ドラマ評論家が選出「2021年ブレークしそうな若手俳優」ベスト3! 松下洸平、岡田建史ランクイン
――『キャラクタードラマの誕生』(河出書房新社)『TVドラマは、ジャニーズものだけ見ろ』(宝島新書)などの著書で知られるドラマ評論家・成馬零一氏が、2021年にブレークが期待される若手イケメン俳優を選出。名バイプレイヤーから大ブレーク間近の顔まで、3名が選ばれた。
1位 仲野太賀
仲野太賀は、13歳の頃から「太賀」という名前で芸能活動をしていた芸歴の長い俳優。ドラマ『愛という名のもとに』(フジテレビ系)でチョロ役を演じた中野英雄の息子としても知られている。
映画では、深田晃司監督の『淵に立つ』(2016)等の作品で高く評価され、テレビドラマでは宮藤官九郎脚本『ゆとりですがなにか』(日本テレビ系)で、ゆとり世代のモンスター社員・山岸を演じ、注目された。すでに名バイプレイヤーとしては盤石の地位を確立していたが、19年に「仲野太賀」に改名したことで、俳優として新たなステージに突入。20年には『あのコの夢を見たんです。』(テレビ東京系)でドラマ初主演を果たした。
本作は、芸人の南海キャンディーズ ・山里亮太がアイドルや女優をモデルに執筆した同名小説(東京ニュース通信社)の映像化。中条あやみ、芳根京子、森七菜といった若手女優が主演を務めたオムニバスドラマで、仲野は山里の“分身”として、毎話違う役で出演、芸達者ぶりを印象付けた。
同時期には、森七菜主演のドラマ『この恋あたためますか』(TBS系)にも出演し、コンビニのスイーツづくりに燃える主人公を支える、スイーツ開発の相棒・新谷誠を好演。
物語は森演じるヒロインと中村倫也演じるクールな若社長のラブストーリーだったので、仲野が演じた男性は、恋の鞘当て役だったが、ヒロインを支える誠実なキャラクターが好評で、本作で恋愛モノもイケることが証明されたといえるだろう。

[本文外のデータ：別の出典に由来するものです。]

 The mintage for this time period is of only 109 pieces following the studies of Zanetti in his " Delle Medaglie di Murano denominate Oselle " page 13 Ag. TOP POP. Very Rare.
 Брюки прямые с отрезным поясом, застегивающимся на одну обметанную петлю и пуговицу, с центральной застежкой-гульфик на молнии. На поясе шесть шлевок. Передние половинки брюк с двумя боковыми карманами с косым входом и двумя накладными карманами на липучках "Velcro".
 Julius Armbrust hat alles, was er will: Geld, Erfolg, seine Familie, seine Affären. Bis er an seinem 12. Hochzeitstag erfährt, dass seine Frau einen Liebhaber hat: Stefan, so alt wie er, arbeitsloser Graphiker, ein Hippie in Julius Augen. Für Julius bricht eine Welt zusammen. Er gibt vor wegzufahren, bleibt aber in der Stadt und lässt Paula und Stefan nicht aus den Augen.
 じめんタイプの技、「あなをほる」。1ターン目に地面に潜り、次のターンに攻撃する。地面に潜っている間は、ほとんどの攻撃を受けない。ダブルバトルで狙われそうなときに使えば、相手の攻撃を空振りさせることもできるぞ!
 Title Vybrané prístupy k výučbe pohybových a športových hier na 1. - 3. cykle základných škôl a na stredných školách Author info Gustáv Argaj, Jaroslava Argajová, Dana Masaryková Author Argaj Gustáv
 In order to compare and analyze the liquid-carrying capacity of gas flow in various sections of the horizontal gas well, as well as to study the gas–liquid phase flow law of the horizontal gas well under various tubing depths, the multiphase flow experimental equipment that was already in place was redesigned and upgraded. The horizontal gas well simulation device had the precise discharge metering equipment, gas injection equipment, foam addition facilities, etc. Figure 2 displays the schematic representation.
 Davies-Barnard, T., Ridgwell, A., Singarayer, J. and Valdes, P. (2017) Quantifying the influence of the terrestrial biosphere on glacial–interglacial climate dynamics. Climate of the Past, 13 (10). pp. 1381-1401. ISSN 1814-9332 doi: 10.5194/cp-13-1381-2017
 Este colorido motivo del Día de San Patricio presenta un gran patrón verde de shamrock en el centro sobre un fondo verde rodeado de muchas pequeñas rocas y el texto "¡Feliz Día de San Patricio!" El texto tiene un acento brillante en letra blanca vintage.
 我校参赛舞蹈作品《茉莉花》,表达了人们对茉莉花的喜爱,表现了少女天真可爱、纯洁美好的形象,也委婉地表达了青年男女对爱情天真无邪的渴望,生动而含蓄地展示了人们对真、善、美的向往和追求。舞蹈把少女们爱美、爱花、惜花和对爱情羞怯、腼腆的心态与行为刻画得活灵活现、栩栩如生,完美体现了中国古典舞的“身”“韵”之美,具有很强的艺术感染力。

『逃げるは恥だが役に立つ』(TBS系)以降、誠実で優しい男を演じることができる、一見、地味な俳優に人気が出る傾向はある。すでに演技力に定評があることを考えると次にブレークするのは、仲野太賀かもしれない。
2位 松下洸平
NHK朝の連続テレビ小説(以下、朝ドラ)『スカーレット』でヒロインの夫・八郎を演じたことで注目された松下洸平は、すでに20年に大ブレークを果たしたともいえるのだが、実は本当の意味で人気が爆発するのは、21年ではないかと思う。
松下は、歌手活動の傍ら、俳優として舞台を中心に活動。『スカーレット』に出演したことで一気に注目が集まり、久しぶりに朝ドラから生まれたシンデレラボーイとなった。『スカーレット』の後も、コロナ禍の緊急事態宣言中の日常を描いたリモートドラマ『ホーム・ノット・アローン』(NHK)で、在宅勤務中の女性と心を通わせる居酒屋の店長役を好演。ゲスト出演した『MIU404』(TBS系)では、殺人事件の容疑者となった、ある事情を抱える逃亡犯を演じ話題となった。

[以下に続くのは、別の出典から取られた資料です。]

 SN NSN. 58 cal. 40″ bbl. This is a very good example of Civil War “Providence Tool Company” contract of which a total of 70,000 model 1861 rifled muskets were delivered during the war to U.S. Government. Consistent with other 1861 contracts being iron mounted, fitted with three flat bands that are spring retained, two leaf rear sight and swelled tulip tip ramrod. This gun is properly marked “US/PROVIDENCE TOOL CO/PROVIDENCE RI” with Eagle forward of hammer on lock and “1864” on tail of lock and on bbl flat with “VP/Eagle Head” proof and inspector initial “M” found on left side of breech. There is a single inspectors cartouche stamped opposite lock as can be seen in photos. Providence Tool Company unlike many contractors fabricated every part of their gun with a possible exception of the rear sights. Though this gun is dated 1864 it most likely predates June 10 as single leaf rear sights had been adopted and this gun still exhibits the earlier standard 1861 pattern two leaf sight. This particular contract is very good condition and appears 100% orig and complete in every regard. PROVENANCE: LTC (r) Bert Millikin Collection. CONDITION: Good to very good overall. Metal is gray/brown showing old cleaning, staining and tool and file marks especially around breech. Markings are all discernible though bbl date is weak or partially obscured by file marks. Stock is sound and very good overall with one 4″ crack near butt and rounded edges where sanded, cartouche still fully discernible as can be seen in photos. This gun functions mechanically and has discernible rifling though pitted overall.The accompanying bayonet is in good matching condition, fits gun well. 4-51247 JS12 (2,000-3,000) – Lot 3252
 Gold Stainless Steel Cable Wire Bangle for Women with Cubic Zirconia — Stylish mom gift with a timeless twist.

その後も『世にも奇妙な物語』(フジテレビ系)『東京タラレバ娘2020』(日本テレビ系)と立て続けにドラマ出演し、10月には『スカーレット』と同じ水橋文美江脚本の恋愛ドラマ『#リモラブ~普通の恋は邪道~』(日本テレビ系)で、波瑠演じるヒロインの恋人・青林風一役に抜てきされた。
短期間でこれだけドラマ出演が増えたのは、松下の佇まいが多くの視聴者に求められているからだろう。松下は、真面目で優しいが、どこか頼りなくて情けない青年を演じることが多い。こういった男性は、一昔前なら「退屈でつまらない男」と一笑に付されたのかもしれないが、イケメン俳優が氾濫するテレビドラマの世界では、逆にレアで、この「普通っぽさ」を備えたカッコいい男性俳優が常に求められている。
松下はその難しい条件を奇跡的にクリアしている俳優で、ドラマの作り手が一番求めている俳優である。21年は、松下を主演にしたドラマが作られるに違いない。